To further study the apoptosis‐modulating effect in HL‐60 cells, the binding of EGFP conjugated Annexin V was evaluated (Fig. 5a). Early apoptotic cells in this assay bind Annexin V but exclude the nuclear binding dye PI, that is, cells with lost membrane asymmetry but intact membranes.

Figure 5.

Figure 5

Resveratrol stimulates apoptosis in a concentration‐dependent manner in HL‐60 and HepG2 cells. Cells were treated with resveratrol for 18 h (a) or 24 h (b). In (a), HL‐60 cells were double stained with Annexin V and PI, and were examined by flow cytometry after resveratrol treatment. In (b), HepG2 cells were stained with PI and the sub‐G1 population was examined by flow cytometry. All data are presented relative to untreated cells. The experiments were performed on three occasions and results of a typical experiment are shown. They are presented as mean ± SD, n = 3 (a) and n = 1 (b). Overlapping data points are annotated with the lowest common P value (*P ≤ 0.05, **P ≤ 0.01, ***P ≤ 0.001 compared to vehicle‐treated cells).
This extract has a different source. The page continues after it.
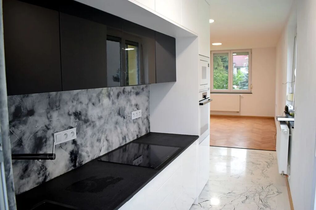 V Jihočeský kraji. ve vzdálenosti 9 km severovýchodně od Vimperka leží obec Čkyně, která se rozkládá při ústí Nahořanského potoka do řeky Volyňky v krásném šumavském podhůří. Čkyně je dobře dostupná všemi obvyklými druhy dopravy. Obcí prochází hlavní silnice č. 4 Strakonice Vimperk Strážný. A v této obci nabízíme krásný a světlý, nově a kompletně zrekonstruovaný byt s balkónem a dvěma sklepy. Nemovitost se nachází v 1. patře třípatrového cihlového domu s výtahem, o velikosti původně 3+1, po rekonstrukci 2+1. Má výměru 62,3 m2, sklepy 2,78 m2 a 2,99 m2. Rekonstrukce: nová okna s venkovními žaluziemi a parapety z afrického kamene, nové rozvody topení a radiátory elektrokotel a bojler na ohřev teplé vody, umístěno ve sklepě, nové štuky, v pokojích parkety, jinak benátské štuky s epoxidovou stěrkou, stěny v koupelně a WC benátské štuky přetažené epoxidem. Ve všech místnostech nové dveře, ve zděné koupelně protihlukové. Nová kuchyňská linka s vestavnými spotřebiči: myčka, pračka, sporák s troubou, mikrovlnka. Nově rozvody elektřiny, vody a odpadů. Nemovitost orientovaná na JZ, byt je světlý a teplý, proto i nízké náklady na energie. Je připravený k okamžitému nastěhování. V obci veškerá občanská vybavenost. V blízkosti Šumava, lesy, turistické vyžití, hraniční přechod Strážný. Doporučujeme prohlídku.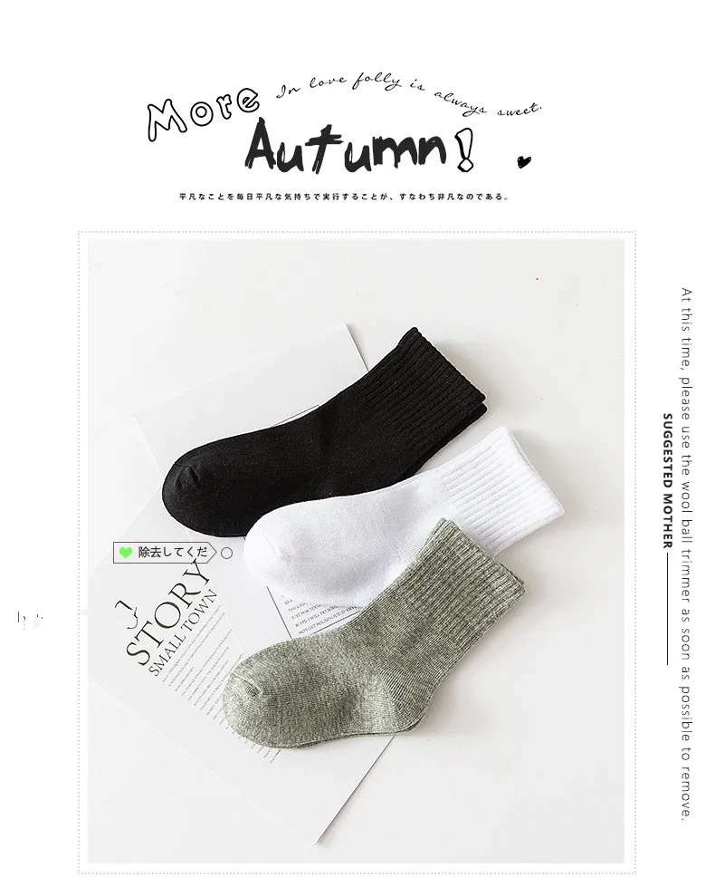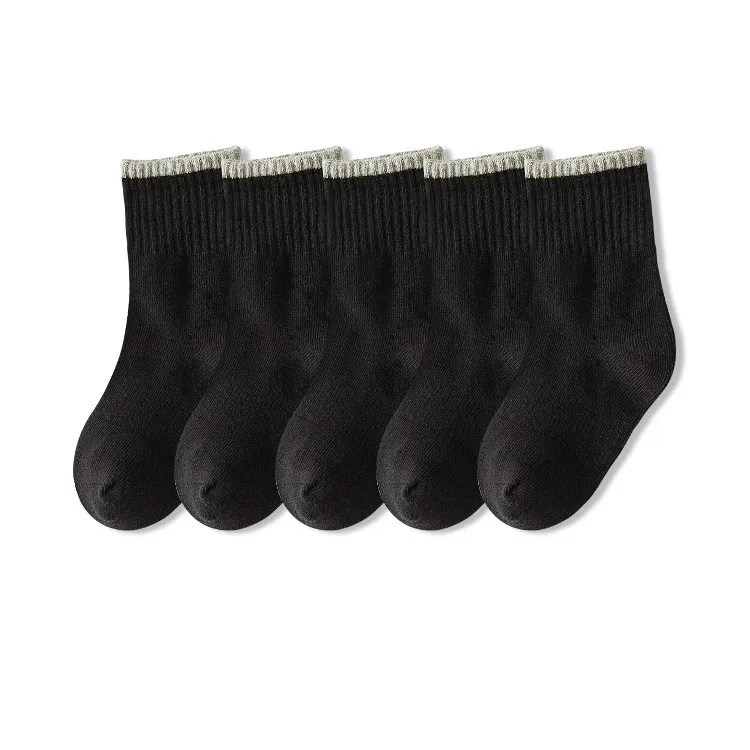 5 парыЛот, Классические однотонные детские носки для возраста от 1 до 12 лет черно-белые носки для студентов, весенне-осенние зимние носки

HL‐60 cells treated with resveratrol for 18 h showed a concentration‐dependent increase in Annexin V‐positive/PI‐negative cells (Fig. 5a). Only a minor effect of 20 µm resveratrol on HL‐60 cells was found, whereas higher concentrations greatly stimulated Annexin V binding. Treatment with 80 µm resveratrol resulted in 23% of the HL‐60 cells being early apoptotic and 23% being late apoptotic or necrotic. The same degree of concentration‐dependent apoptosis was observed in HepG2 cells (Fig. 5b).

DISCUSSION

The purpose of this study was to characterize the effect of resveratrol on DNA synthesis and cell cycle progression. In addition, the apoptosis‐stimulating properties of resveratrol were also studied. Inhibition of cell proliferation and stimulation of apoptosis by resveratrol may be key responses in relation to the putative cancer chemopreventive effect of this product.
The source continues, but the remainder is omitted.